As a side-effect of this increased system connectivity between maritime systems, their exploitability against cyber and hybrid (cyber-physical) attacks has substantially increased. At the same time, they suffer from various vulnerabilities. For example, since the use of legacy systems is very common in maritime transport, updating and patching their security vulnerabilities is not always a trivial task. Even worse, the interconnectivity of potentially vulnerable and not properly isolated systems, creates chains of vulnerability paths. Hackers may now be able to extend their attack vectors, turning locally exploitable vulnerabilities to remotely exploited ones. For example, a vulnerability found in an internet-enabled non-critical service, may be used by skilful adversaries as a remote entry point to move laterally inside the ship network and eventually to take over a critical legacy system. Dealing with such attacks may require that various layers, such as the communication layer and the system layer, be properly secured. Setting up secure and trusted communications, properly hardening maritime systems at the software level and assuring the resilience of critical maritime systems, such as those utilized in autonomous ships, are some of the relevant open research problems.

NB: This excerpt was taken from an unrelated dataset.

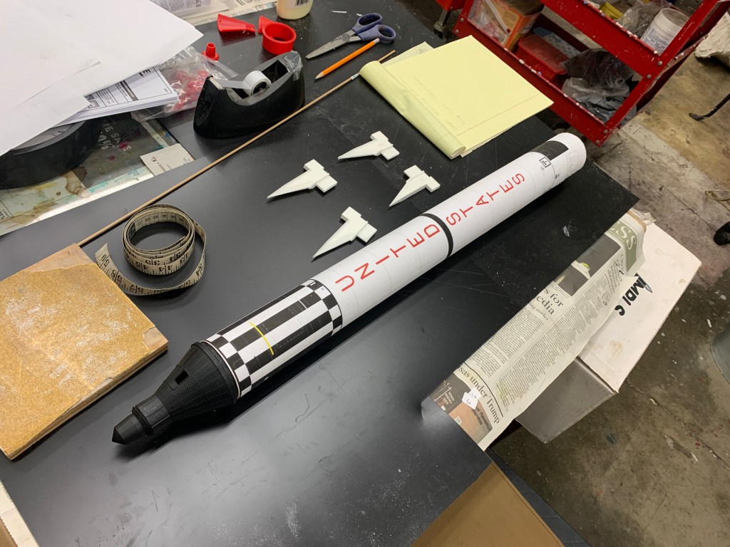 I did have a little time at the end of the day to work on the new Mercury Redstone kit. The prototype is coming along well. No painting here the body tube as paper wraps on it with 3m 77 making the paint job accurate and a bit easier to do.

Within WP5 (and in tight collaboration with the tasks of WP3) of the CyberSecurity4Europe project, we have integrated, properly extended and deployed various cybersecurity services targeted to the maritime sector. The main results of the integration of the underlying security services include: (i) We have extended the risk management service of MITIGATE to an adaptive, situation-based framework, by integrating it with the DynSMAUG a situation-driven security management system. (ii) We have extended our threat model by integrating system hardening security controls, developed by our hardening services, and also by integrating human-related threats via the HAMSTERS model. (iii) We have tested and validated secure communications of a VDES-enabled system, by integrating it with our maritime-specific PKI solution. Our validation results are based on various validation methods including technical test cases, stakeholder engagement and document analysis.